Parallelization

Force Field X commands are launched using the following syntax:

ffxc [-D<property=value>] <command> [-options] <PDB|XYZ>

Parallelization of the computational work is accomplished using three approaches:

Shared memory parallelization across CPU cores (i.e. multiple threads).
MPI message passing parallelization across compute nodes.
Offload to GPUs via OpenMM.

In many cases, more than one parallelization strategy can be combined. Below each will be discussed separately and in combination.

Shared Memory Parallelization

By default, each FFX process will use all available threads for calculation of the system energy and forces. To explicitly set the number of threads, the syntax is:

ffxc -Dpj.nt=X [-D<property=value>] <command> [-options] <PDB|XYZ>

where X is the number of threads (e.g. 1, 2, etc). Any command that evaluates a system energy and/or forces will usually benefit. The abbreviation pj.nt stands for Parallel Java Number of Threads.

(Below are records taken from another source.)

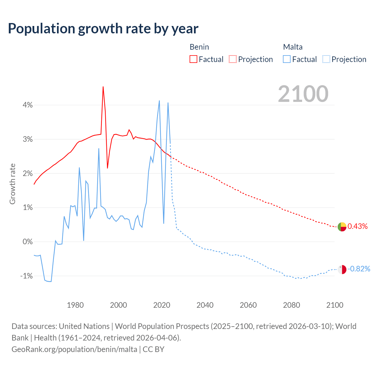 - For the last 10 years, Benin has had an average growth rate of +2.77% per year vs +2.69% in Malta.
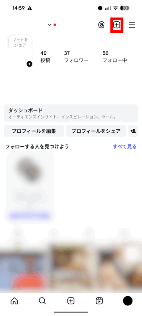 自分のプロフィール画面右上にある「+」ボタンをタップします。
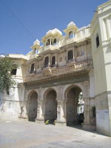 Udaipur itself is one of the most beautiful places I’ve ever seen. I had planned to spend two nights here but hadn’t counted on the festival of Holi which has shut everything down today, making it impossible to move on. I’m not sorry. I’m staying in a 200-year old haveli, a five-story house with rooms set on balconies around a central courtyard. For 400 rupees a night (eight dollars) I have a window seat with daybed that overlooks the lake, intricate murals painted on my walls, and extremely genial hosts.
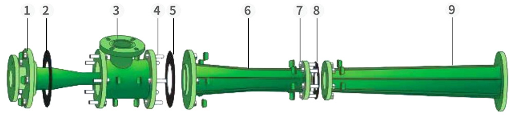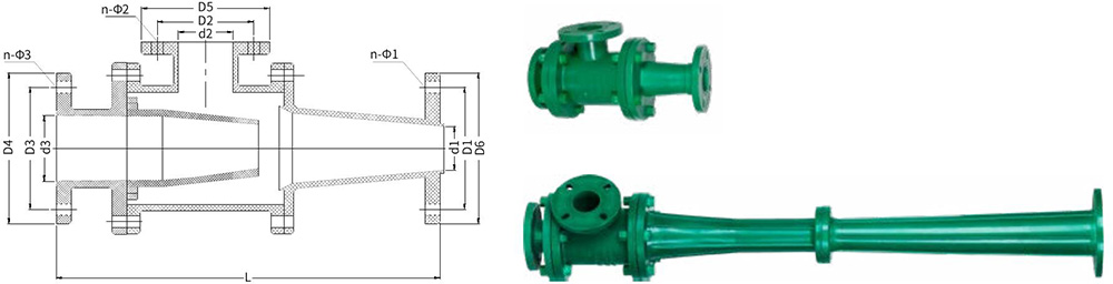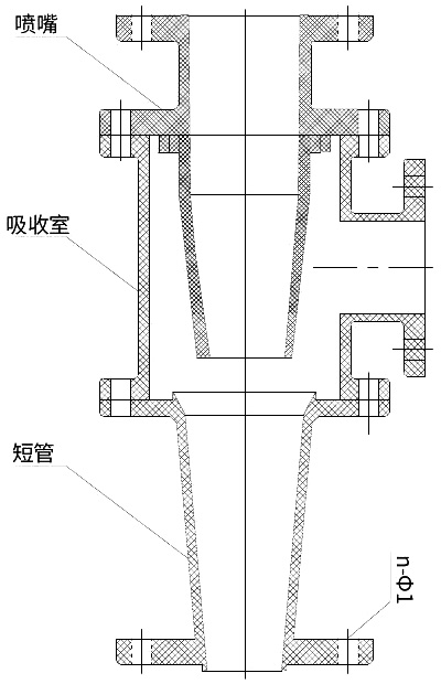 Levegős víz sorozatú csatlakozó sugárszivattyú szerelvény részletrajza
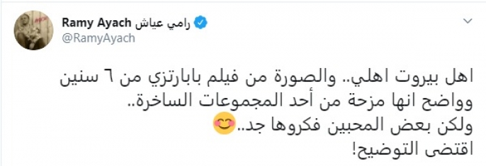 وردا على انتشار صورة له وهو يتعرض للضرب من قبل أهل بيروت، كتب المطرب اللبناني رامي عياش تغريدة عبر حسابه الرسمي على تويتر، قال فيها: "أهل بيروت أهلي، والصورة من فيلم "بابارتزي" من ٦ سنين".
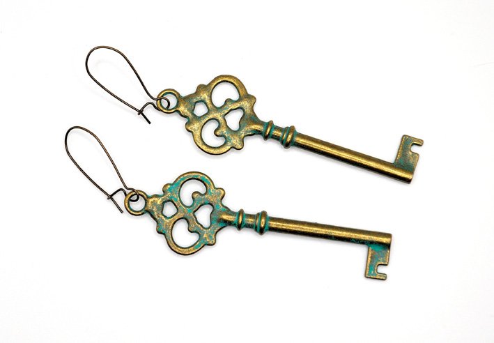 niewielkie kolczyki wykonane z metalu - w kolorze mocno postarzanego s...
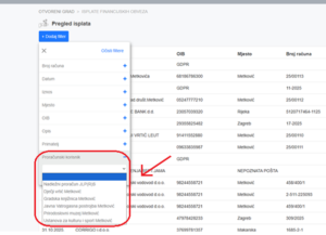 Od 1. studenog 2025. godine dodan je filter „Proračunski korisnik“ gdje se u padajućem izborniku može izabrati Nadležni proračun JLP(R)S tj. Grad Metković ili bilo koji od 5 proračunskih korisnika Grada.
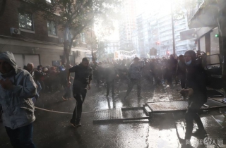 当天下午17点30分,事态开始出现紧张和冲突。在驱散行动和示威者的呐喊声中,数百人冲破了警方的封锁。
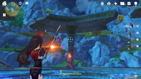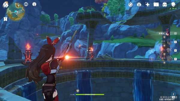 副本位于蓝色箭头这。这里有6个火炬,需要准备角色安柏这样效率高一点,同时火炬只需要点燃3个就能开启副本。
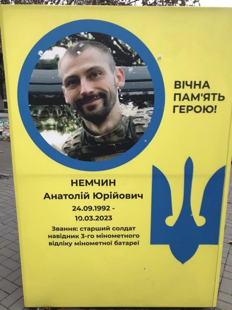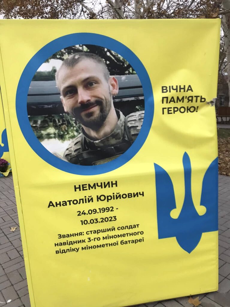 Так, невідомі пошкодили призму на честь Анатолія Немчина. 30-річний чоловік пішов захищати незалежність України з початку повномасштабного вторгнення: 28 лютого 2022 року.
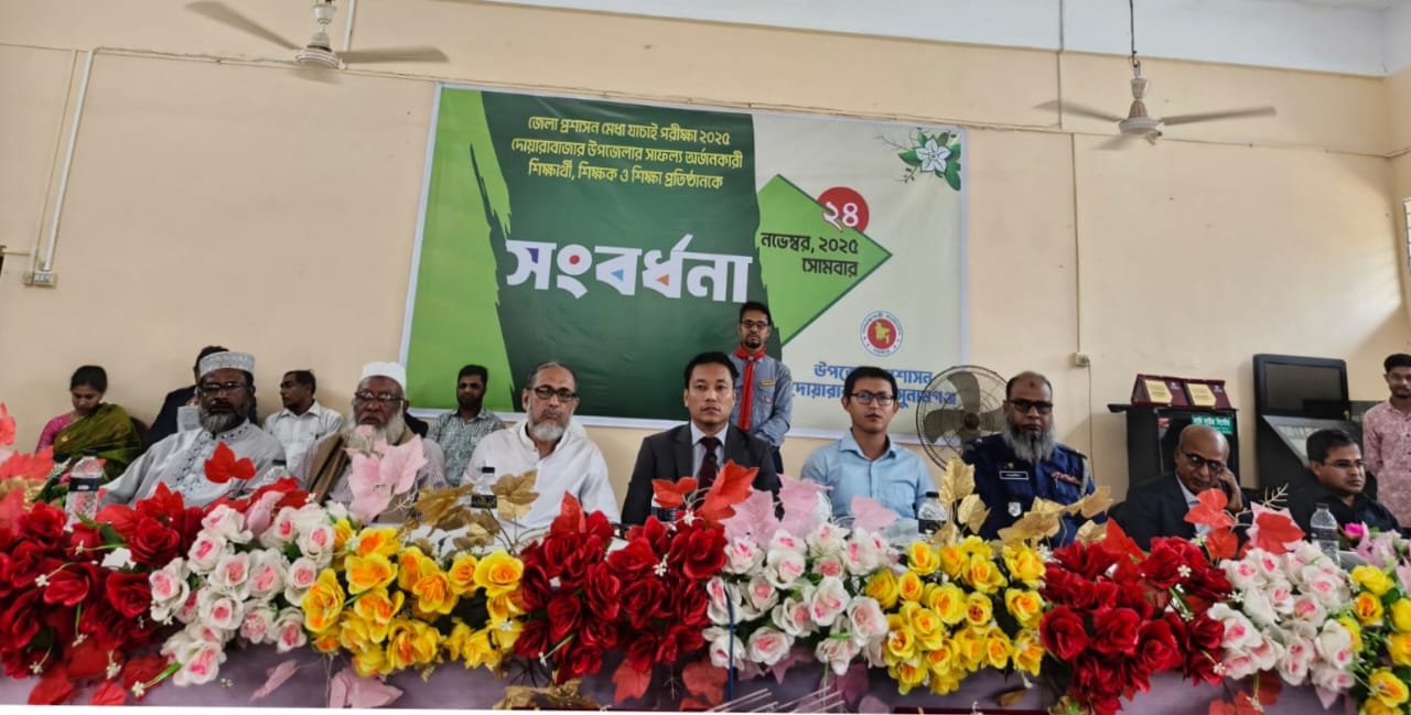 সোহেল মিয়া, দোয়ারাবাজার (সুনামগঞ্জ): সুনামগঞ্জের জেলা প্রশাসন মেধা যাচাই পরীক্ষায় দোয়ারাবাজার উপজেলায় সাফল্য অর্জনকারী শিক্ষার্থী,শিক্ষক ও শিক্ষার্থীদের সংবর্ধনা প্রদান করেছে দোয়ারাবাজার উপজেলা প্রশাসন। সোমবার (২৪ নভেম্বর) বিকালে দোয়ারাবাজার উপজেলা পরিষদের হলরুমে এই
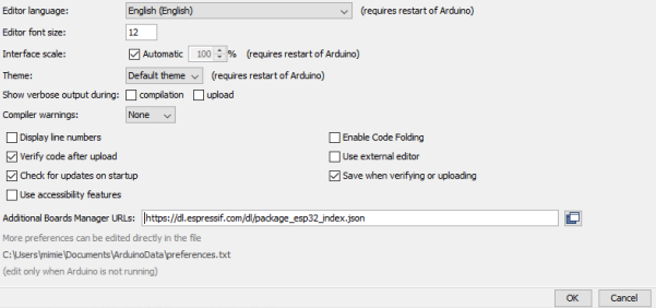 This enables Arduino IDE to download and install ESP32 board definitions.
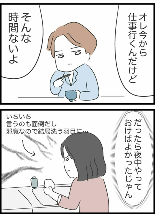ようやくしょうたが皿を洗ったかと思ったようこでしたが、実際は箸を取っただけ。「昨日の食器そのまま」と伝えると「仕事に行くからそんな時間ないよ」と言われ…。
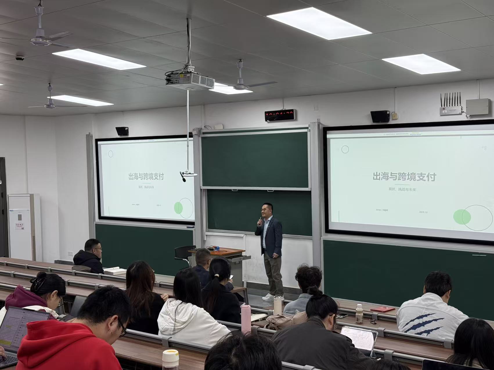 2025年11月4日上午,漫蛙漫画 “业界导师进课堂”系列讲座在财院校区梯教105举行。Oceanpayment联合创始人刘超峰走进金融硕士《投资学》课堂,作“出海与跨境支付:现状、挑战与未来”报告。Oceanpayment拥有全球金融业最高级别安全认证PCI DSS LEVEL 1,是中国唯一一家拥有全球数字支付技术和业务资质全牌照的FinTech公司,专注跨境⽀付技术服务与全球化布局,为中国企业出海提供安全合规的⽀付基础设施。本次授课由刘轶教授主持,一百余名研究生及部分教师现场聆听并参与交流。
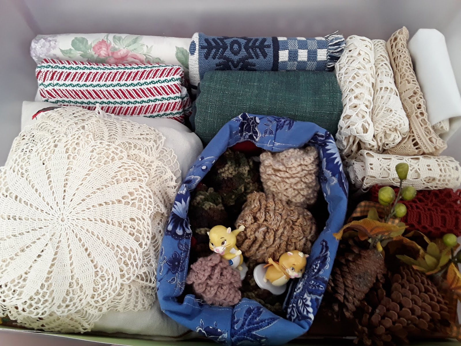 One drawer is for doilies, mats, and small tablecloths, because I've never been able to arrange them "joyfully" before, or get at them easily, and because we got rid of their bin. Also some crocheted pinecones which never had a real home before.
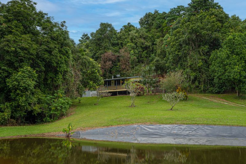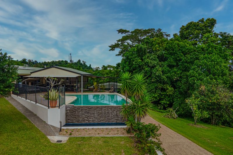 Elevated 600ft above sea level, its usually 4 degrees cooler then in town and captures the breeze and enjoys breath-taking rainforest views to Mt Bartle Frere, (the tallest Mountain in Queensland). Pin Gin Hill is a very small housing suburb with mostly owner occupier, acreage lots. The soil is rich volcanic, with natural springs.

MPI Message Passing Parallelization

By default, FFX executes only a single process. However, for algorithms such as Many-Body rotamer optimization and Thermodynamics, multiple processes can cooperate. To enable this, a "Scheduler" is needed to launch the processes and organize communication between processes. The command to start the Scheduler is:

ffxc Scheduler -p X > scheduler.log & sleep 30s

where X is the number of threads per process (e.g. 1, 2, etc). The number of cores on each node must be divisible by X (e.g. if there are 40 cores, X can be 1, 2, 4, 5, 8, 10 or 20). The "sleep" command allows the Scheduler time to start up before the true FFX command is executed:

ffxc -Dpj.nt=X -Dpj.nn=Y [-D<property=value>] <command> [-options] <PDB|XYZ>

where X must be equivalent between the Scheduler and subsequent FFX command. The flag pj.nn stands for Parallel Java Number of Nodes. The number of requested nodes Y must be equal to or less than the of nodes controlled by the scheduler.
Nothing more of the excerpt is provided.